[EXERCISE INSTRUCTIONS] Exactly as they appear below, repeat the lines from the one with "Disse må ikke" through the one with "8 janv. Week-end". Drop every picture.
==*==
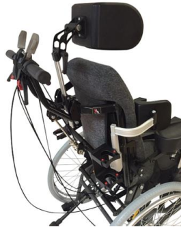
Asa ajustable en ángulo
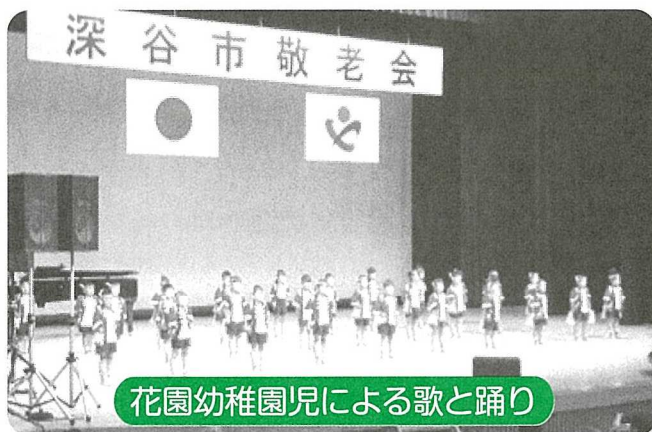
花園幼稚園児による歌と踊り
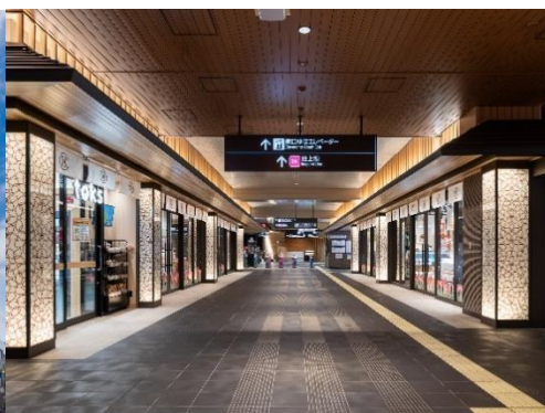
▲2階改札階「池上仲見世」
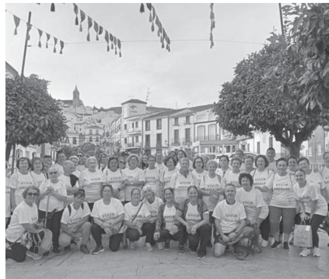
Jornada de convivencia por el Día de la Mujer Rural en Ardales. VIVA

Las pedanías de las zona norte (Bobadilla, Colonia Santa Ana, Cañadas de Pareja, Los Llanos de Antequera y Cartajal) pudieron disfrutar de esta iniciativa el pasado 10 de octubre, mientras que las pedanías de la zona sur (La Higuera, La Joya, Los Nogales, Las Lagunillas, Puerto El Barco y Villanueva de Cauche) lo hicieron el martes 17 de octubre.
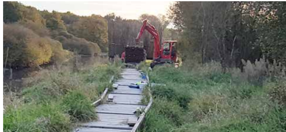
La commune a procédé au démontage de la passerelle en bois conformément à l'injonction reçue du ministère. Elle est stockée en attendant de savoir comment elle pourra être réutilisée, à l'identique ou pour un autre projet selon la décision du juge attendue mi-2018.

Suite à l'information insérée dans le Mag d'automne, avisant les Aignonais(es) de l'injonction du Ministre de la Transition écologique et solidaire de démonter le cheminement en bois longeant le ruisseau des Epinais, qui autorisait un regard sur la Boire de Malet, nombreux sont les lecteurs(trices) qui ont fait part de leur indignation ou de leur soutien à la municipalité et plus encore, de leur incompréhension. Une motion, invitant à une démarche de compromis qui permette de mieux concilier les nécessités de préservation d'un environnement classé Natura 2000 et la volonté de la commune de renouveler son
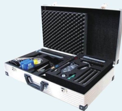
▶ 바이오 에너지 (1703)
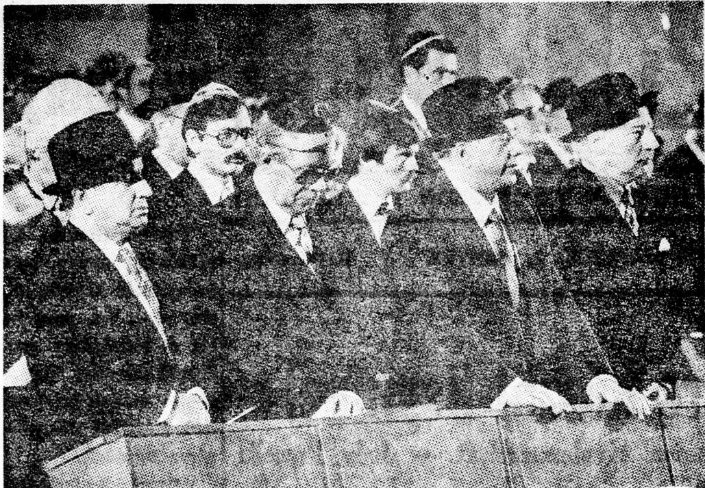
A német állam vezetői, Walter Schell szövetségi elnök és Helmut Schmidt kancellár, az újjáépített kölni zsidó főtemplomban a Kristályéjszaka 40-ik évfordulóján tartott emlékünnepeken.
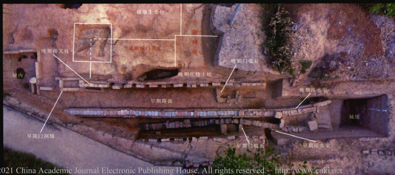
图 4 西城门
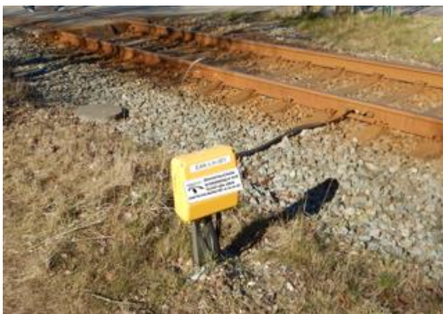
Mærkning for akseltæller, siddende på EAK-boks

Disse må ikke håndteres som beskrevet i denne tekniske meddelelse, uden en forudgående aftale.
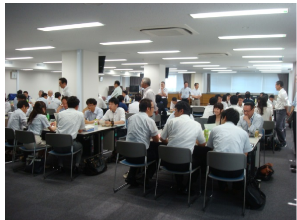
グループ別に用地交渉を実演
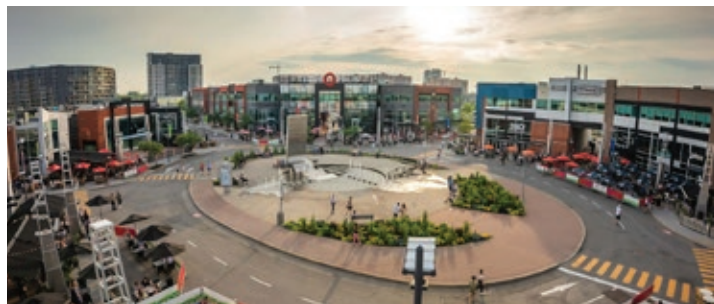
Les Terrasses éclatées du Centropolis

Parmi les commerces et attraits du lieu, le Clip 'n climb se distingue par son offre divertissante et inclusive d'escalade pour petits et grands. Passionnés de sensations fortes? Le centre de chute libre iFly promet une expérience unique. Des baudriers (harnais) spéciaux sont disponibles afin de permettre aux participants en situation de handicap de maintenir leurs jambes dans la bonne position et de pouvoir s'élancer dans les airs en toute sécurité.
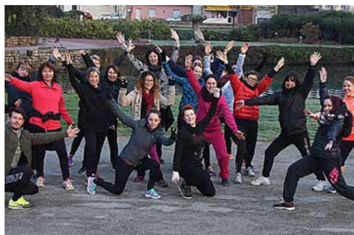
8 janv. Week-end detox organisé par Castel Loisirs et Sports. Une première très appréciée !
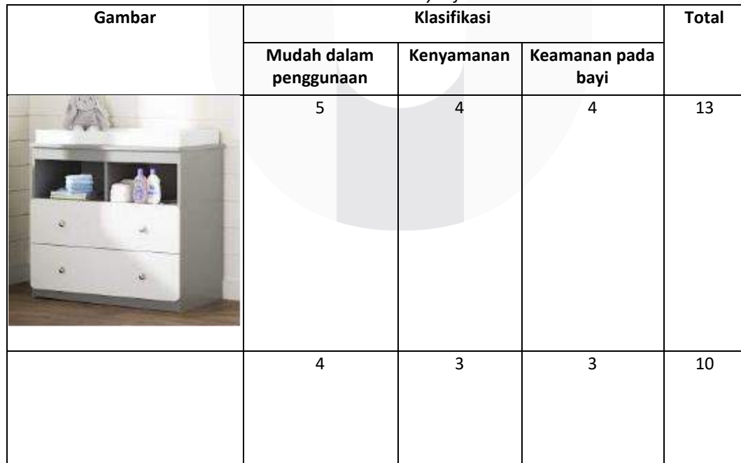
Tabel 3 Bentuk Baby tafel

Dalam perancangan baby tafel dibutuhkan parameter untuk mentukan metode dan sistem yang sesuai digunakan untuk produk, akan digunakan dengan tingkatan 1-5. Semakin besar angka yang di dapat semakin mendekati kebutuhan.
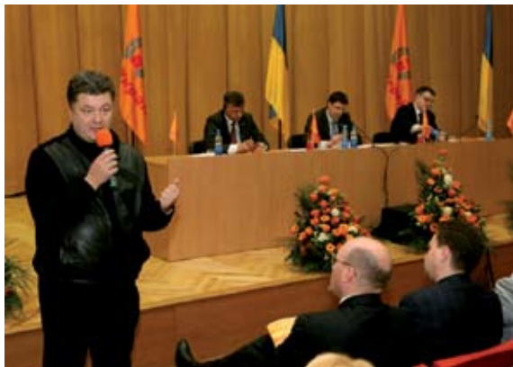
Заседание политсовета НСНУ
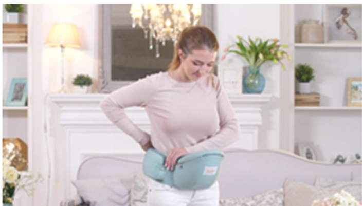
7) Переверните пояс сиденьем к животу.
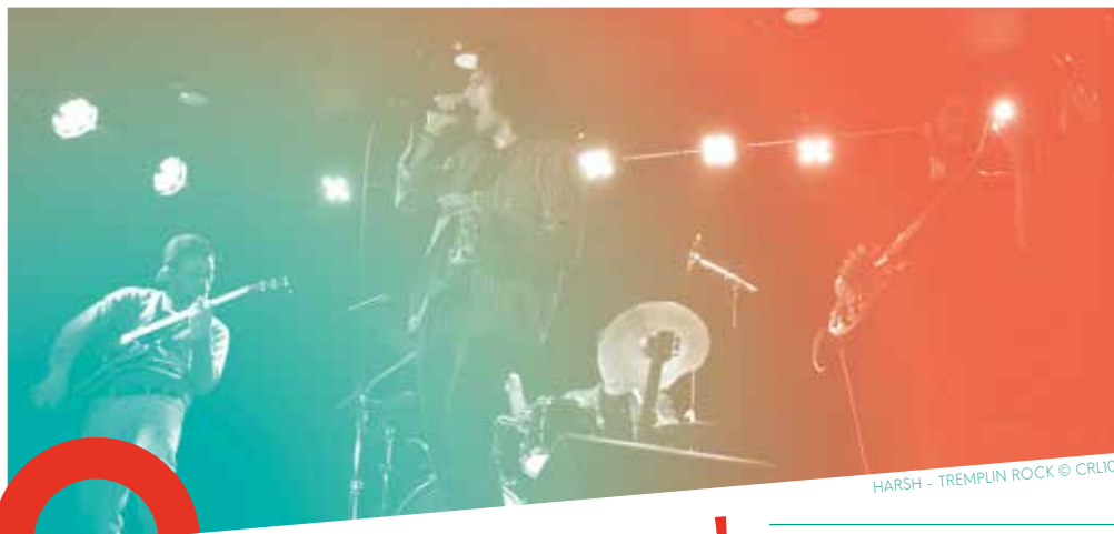
HARSH - TREMPLIN ROCK
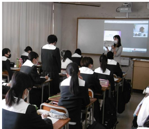
【講義内容についての交流・質問対応】
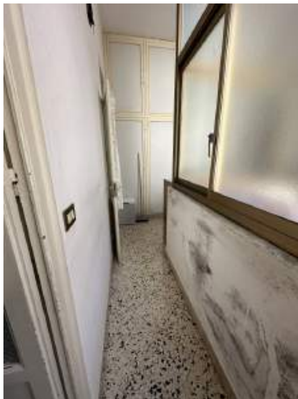
Foto 11 -Vista di parte della veranda interna che conduce al secondo wc.
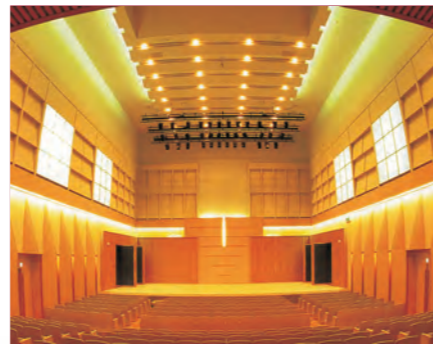
音楽ホール(座席数420)
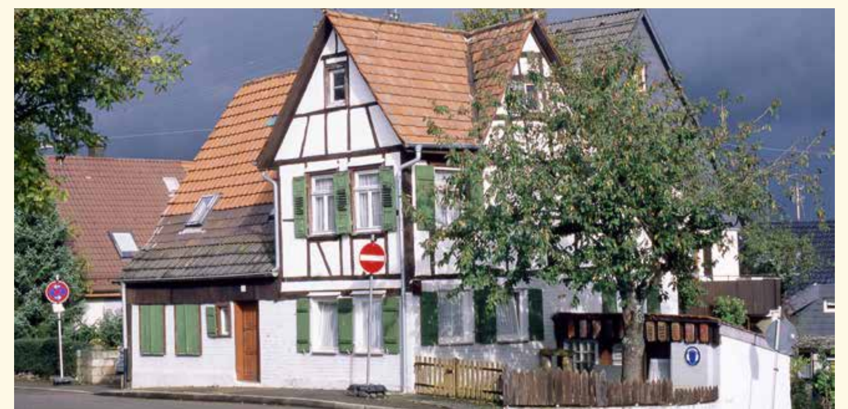
Oberdorfstraße 12, Aufnahme 2005
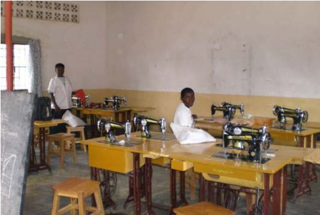
Talleres de costura
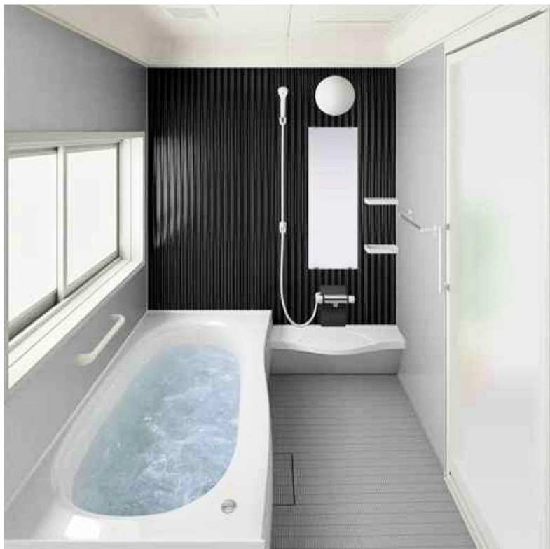
※上記画像はCGによるイメージ画像です。取付器具・機器の形状及び色柄などは実際の仕様と異なる場合がございます。ショールームなどで現物をご確認いただくことをお勧めいたします。
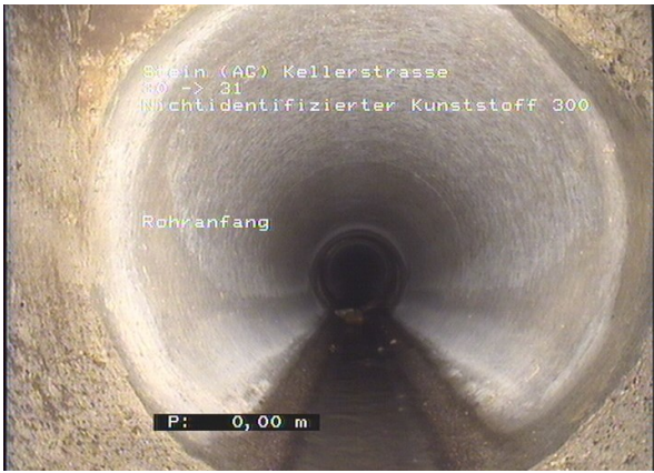
Ausschnitt Kanalaufnahmen innerhalb der Phase 1 des GEP 2. Stein.
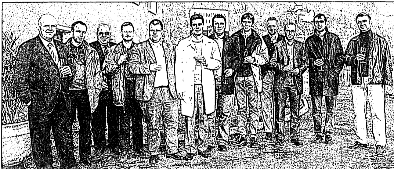
15 Busunternehmer aus Baden-Württemberg weilten für drei Tage in Liechtenstein.

Um sich einen Einblick in das Land zu verschaffen, besuchten die Teilnehmer am Donnerstag die Liechtenstein Bus Anstalt und liessen sich über das liechtensteinische Bussystem informieren. Auf einer geführten Landesrundfahrt, bei der Fahrt mit dem Ci-
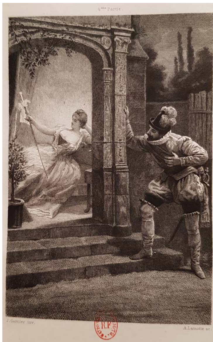
Figure 10. Dessin de Jules-Arsène Garnier gravé par Alphonse Lamotte, M me de Lafayette, La Princesse de Clèves , Paris, A. L. Conquet, 1889.
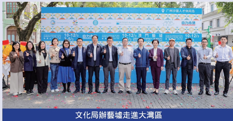
文化局辦藝墟走進大灣區

作人赴廣州參與展銷，期望透過組織本澳手作人到大灣區城市參與市集活動，將富有本澳特色的文創產品推廣至大灣區市場，增強本澳文創品牌的知名度，促進大灣區文創發展與交流。
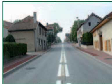
l'Eluiset : les commissions réfléchissent pour redonner l'effet de rétrécissement que donnaient les parterres
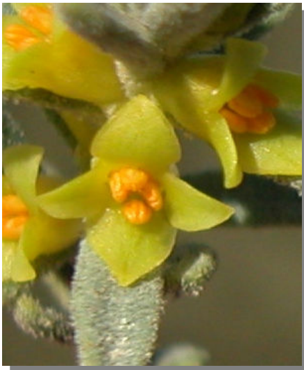
T. tinctoria . Detalle de flor masculina
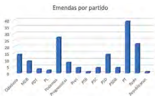
Gráfico 3: Emendas por partido.

No período, os partidos que mais apresentaram emendas foram o PT, com 39, seguido pelo Podemos, com 28, Rede Sustentabilidade, com 22, e PSD, com 14. Os parlamentares que mais assinaram emendas foram Randolfe Rodrigues (Rede/AP) e Rose de Freitas (Podemos/ES), com 15 emendas cada, Jean Paul Prates (PT/RN), 11, Rogério Carvalho (PT/SE), 10, Nelsinho Trad (PSD/MS), 9, e Paulo Paim (PT/RS), Fabiano Contarato (Rede/ES) e Humberto Costa (PT/PE), com 7 emendas cada.
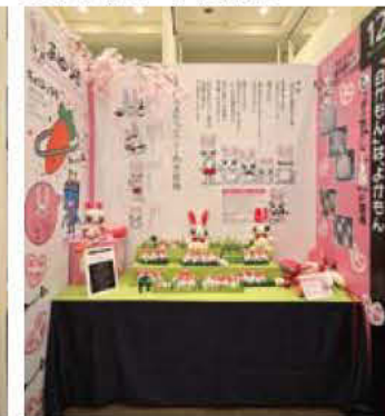
12 (株)スペースプラン
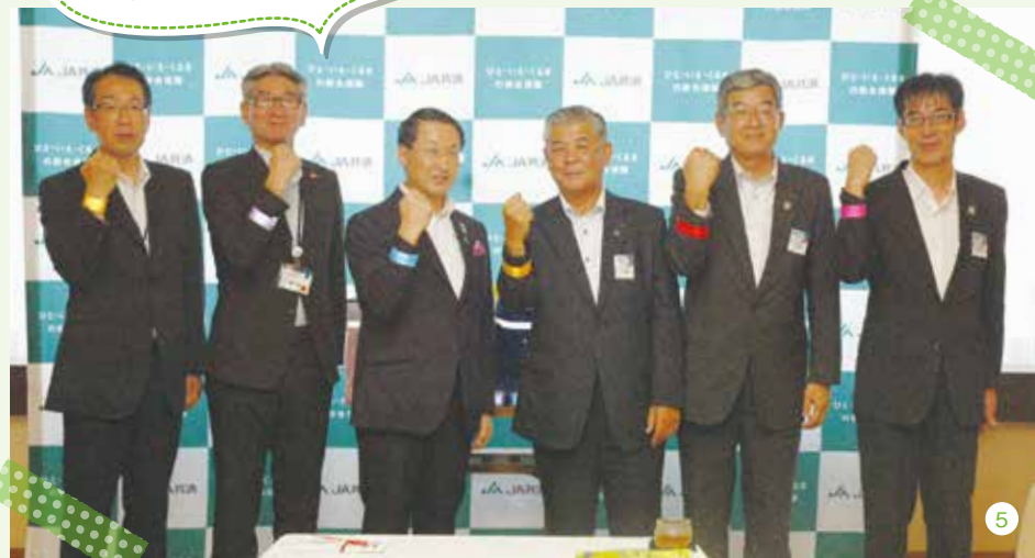
3) 反射付エコショッピングバッグ 4) 反射3Dリストバンド 5) 寄贈式

このリストバンドを身につけておくことで夜道でも気付いてもらえるようになり、とても役立っています。
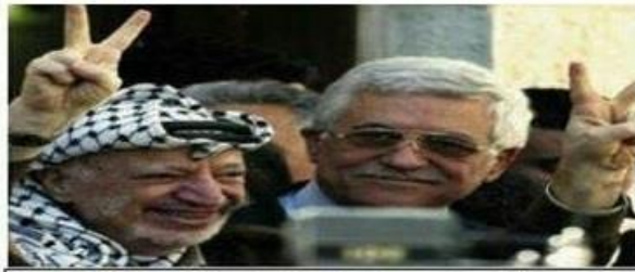
حركة التحرير الوطني الفلسطيني - فتح إقليم استراليا
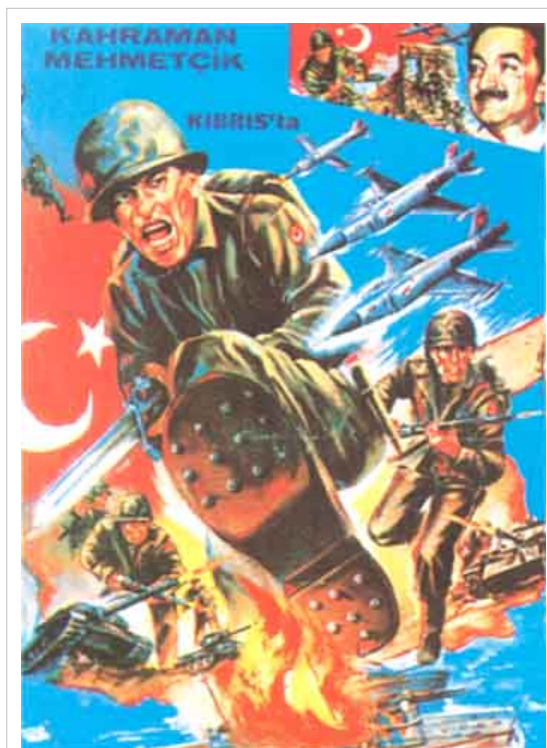
Κρατική τουρκική αφίσα της Εισβολής 1974

Η Κυπριακή Δημοκρατία κάλεσε την Τουρκία, να προσφύγουν και οι δυο χώρες στο Διεθνές Δικαστήριο της Χάγης για να γνωματεύσει κατά πόσο νόμιμα εισέβαλε η Τουρκία στην Κύπρο. Η Τουρκία όμως αρνείται. [6]
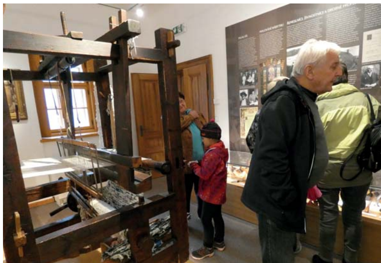
Památník zapadlých vlastenců.
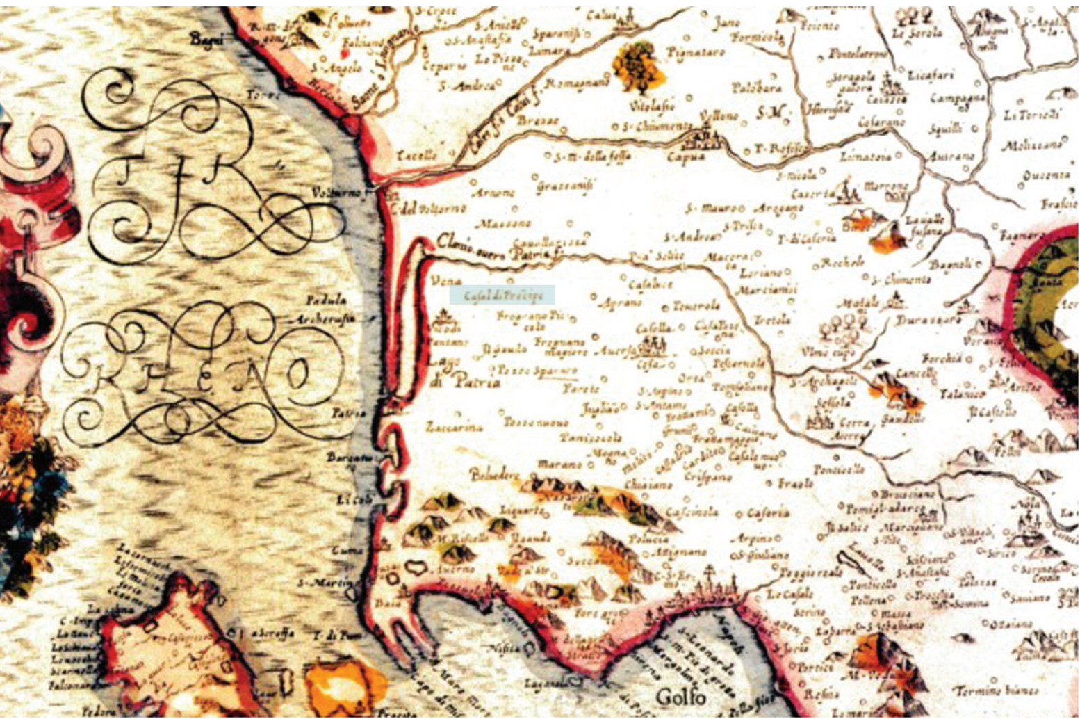
[1620] Terra di Lavoro Olim Campania Felix, Giovanni Antonio Magini
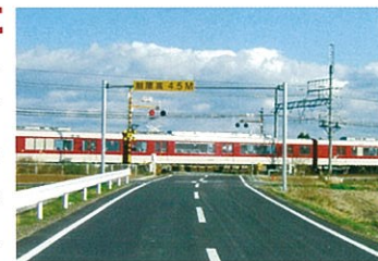
新家地区内近鉄踏切

近鉄名古屋線の交差する道路と踏切を新規に取り付けました。事故防止を図ると共に、地域住民の方への利便性アップに貢献しました。
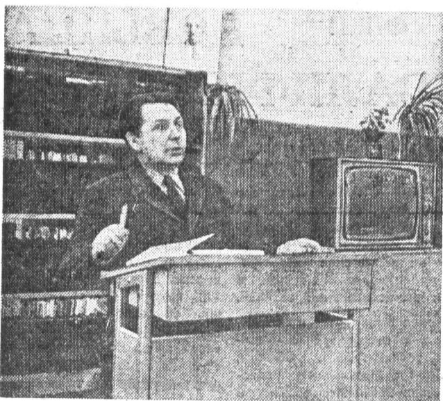
Занятия проводит заведующий кафедрой политэкономии доцент
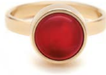
GOLDENE RINGE ROTHER ACHAT TB-RG-AGR
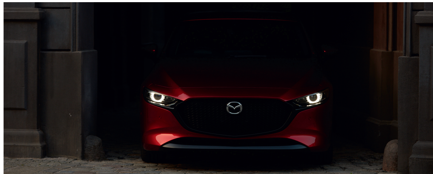
Nouvelle Mazda3 5 portes Sportline avec option peinture Métallisée Soul Red Crystal

*Tarifs TTC maximum conseillés hors option dans le réseau Mazda au 01/04/2019, sous réserve de changements. Pour toute information complémentaire, veuillez contacter votre Concessionnaire ou Réparateur Agréé Mazda.
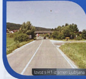
Izvoz s H1 iz smeri Ljubljana
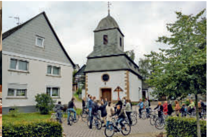
„Rast in REF“? Ein Vorschlag empfahl die Entwicklung eines attraktiven Rastplatzes für Wanderer und Biker, Tagestouristen und Radfahrer
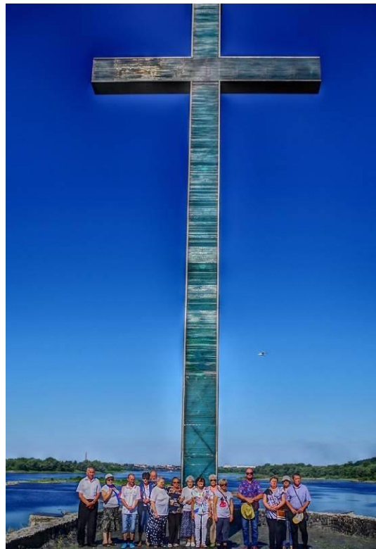
Włocławek - Krzyż upamiętniający męczeńską śmierć ks. Popiełuszki.
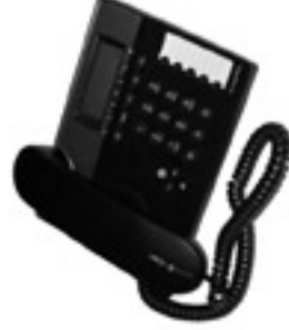
analoges Telefon Concept P412

Beim digitalen Telefonanschluss erhalten Sie zwei Rufnummern und können zwei digitale Endgeräte anschließen.
==*==
[YOUR SOLUTION]
Disse må ikke håndteres som beskrevet i denne tekniske meddelelse, uden en forudgående aftale.
グループ別に用地交渉を実演
Les Terrasses éclatées du Centropolis

Parmi les commerces et attraits du lieu, le Clip 'n climb se distingue par son offre divertissante et inclusive d'escalade pour petits et grands. Passionnés de sensations fortes? Le centre de chute libre iFly promet une expérience unique. Des baudriers (harnais) spéciaux sont disponibles afin de permettre aux participants en situation de handicap de maintenir leurs jambes dans la bonne position et de pouvoir s'élancer dans les airs en toute sécurité.
8 janv. Week-end detox organisé par Castel Loisirs et Sports. Une première très appréciée !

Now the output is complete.